_PROVIDED MATERIAL_:
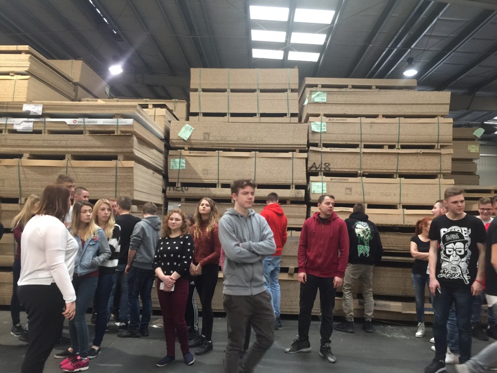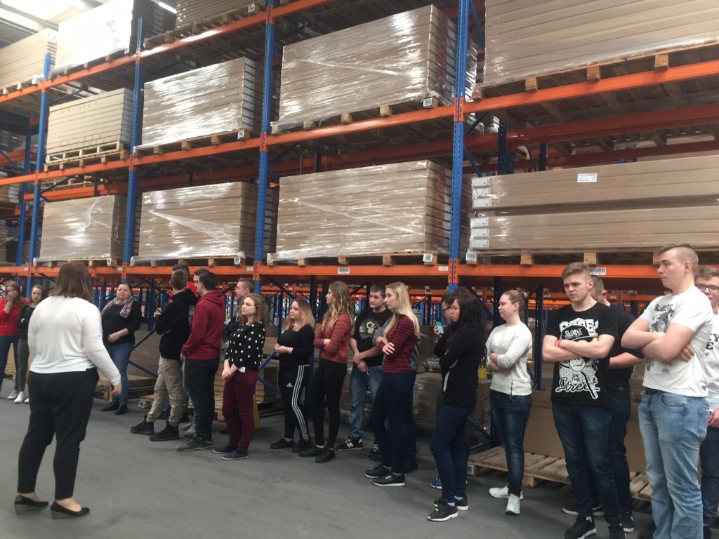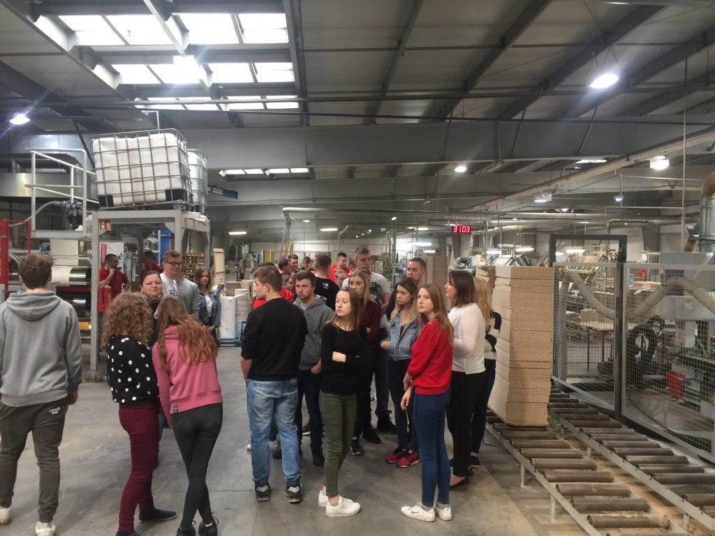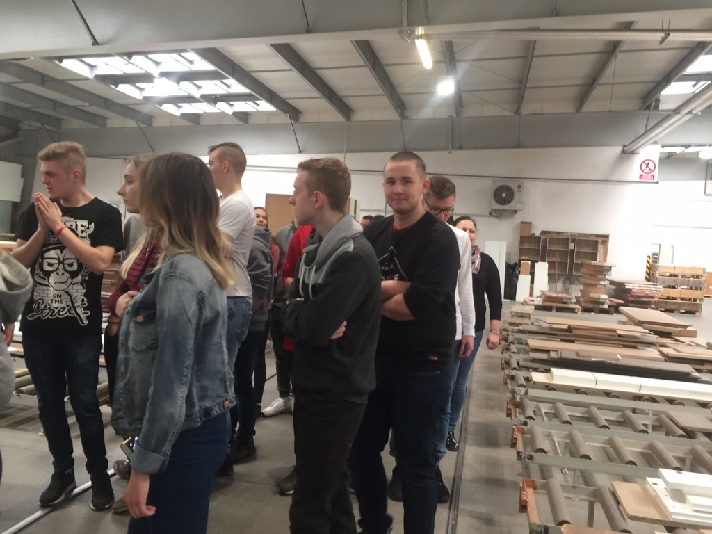 Zwiedzając hale produkcyjne, młodzież obserwowała kolejne etapy produkcji – od cięcia płyty, przez jej oklejanie, wiercenie i wreszcie magazynowanie i załadunek. Uczniowie poznali też ogólne zasady działania systemu WMS (Warehouse Management System – systemu magazynowego).
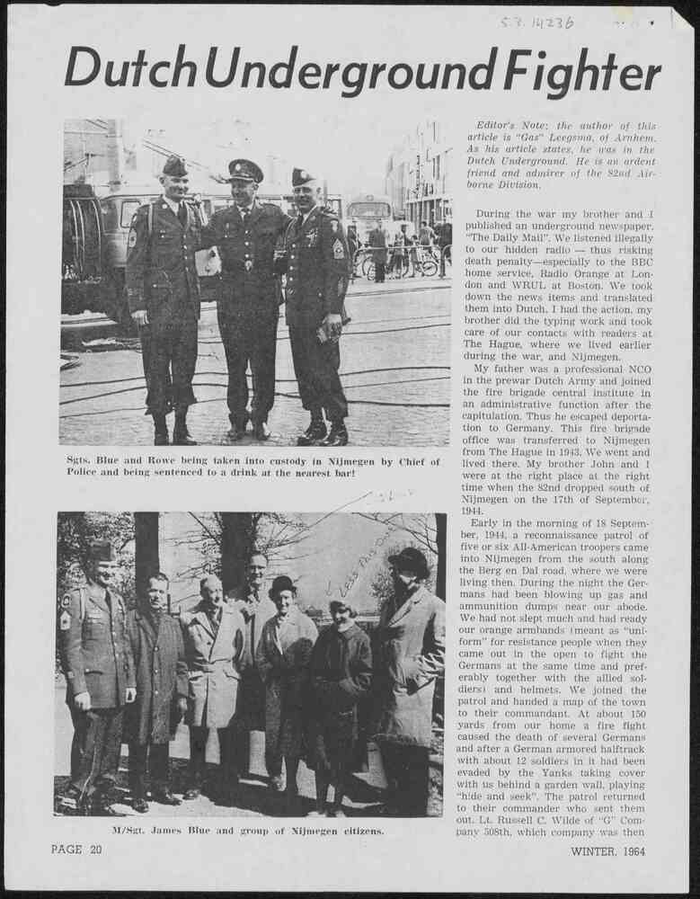 Dutch Underground Fighter, overdruk van tijdschrift,...
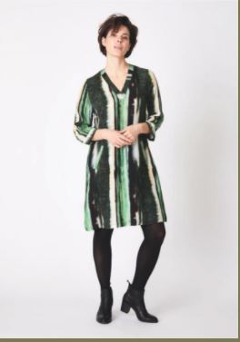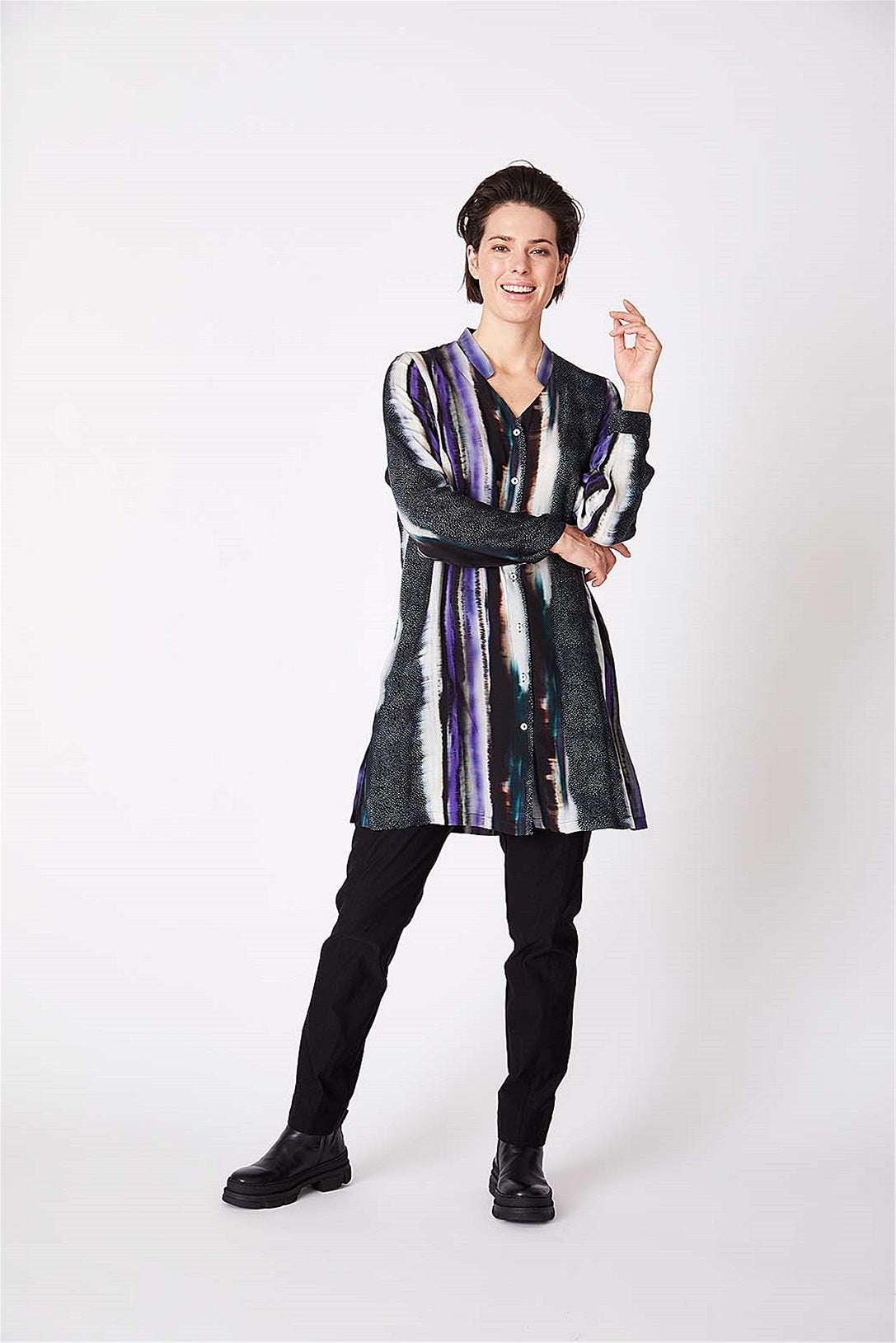 Léttur og þægilegur skyrtukjóll, frá Q'Neel, V- hálsmál, síðar ermar og klauf upp í hliðar, fallegar skeljatölur sem gefa skemmtilegt lúkk. Hentar bæði hversdags og spari Rúmar stærðir, sídd ca 94 cm.
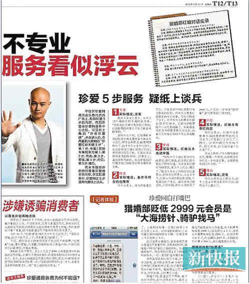 如果你需要一个维权的平台,新快报向你敞开投诉的大门,一起携手捍卫婚姻的神圣。你有任何关于珍爱网的投诉,请致电020-85180865或发邮件至xk-blc@126.com,也可以在新浪微博@新快报赚钱。
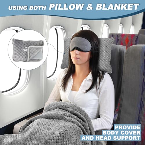 Travel Blanket Airplane Compact with Bag, Travel Essentials 3 in 1 Packable Airplane Blanket, Travel Pillow and Blanket Set, Inflatable Pillow, Luggage Sleeve & Backpack Clip (Light Grey)
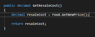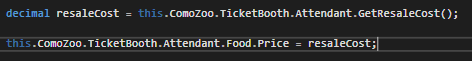 So Sam the TicketBooth Attendant has a slightly criminal element to him and he wants to start reselling food from the TicketBooth at a higher price. To do this he needs to figure out the upcharge of the Food item he has so we will give the Employee a new method that gets the price change of their Food item.
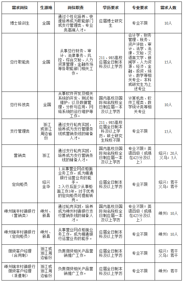(2)应聘者只能报考一个岗位,专业要求为主修专业;国内高校毕业生应能在2019年8月底之前取得毕业证、学位证、报到证;国外院校归国留学生应在2018年9月-2019年8月取得毕业证书,并能在2019年12月31日之前取得国家教育部的学历学位认证;

_TASK BRIEF_: Set the pictures aside and restate word for word only the lines from the line containing "Travel Blanket Airplane" through the end of the entries above, both included.

_RESULT_:
 Travel Blanket Airplane Compact with Bag, Travel Essentials 3 in 1 Packable Airplane Blanket, Travel Pillow and Blanket Set, Inflatable Pillow, Luggage Sleeve & Backpack Clip (Light Grey)
 So Sam the TicketBooth Attendant has a slightly criminal element to him and he wants to start reselling food from the TicketBooth at a higher price. To do this he needs to figure out the upcharge of the Food item he has so we will give the Employee a new method that gets the price change of their Food item.
(2)应聘者只能报考一个岗位,专业要求为主修专业;国内高校毕业生应能在2019年8月底之前取得毕业证、学位证、报到证;国外院校归国留学生应在2018年9月-2019年8月取得毕业证书,并能在2019年12月31日之前取得国家教育部的学历学位认证;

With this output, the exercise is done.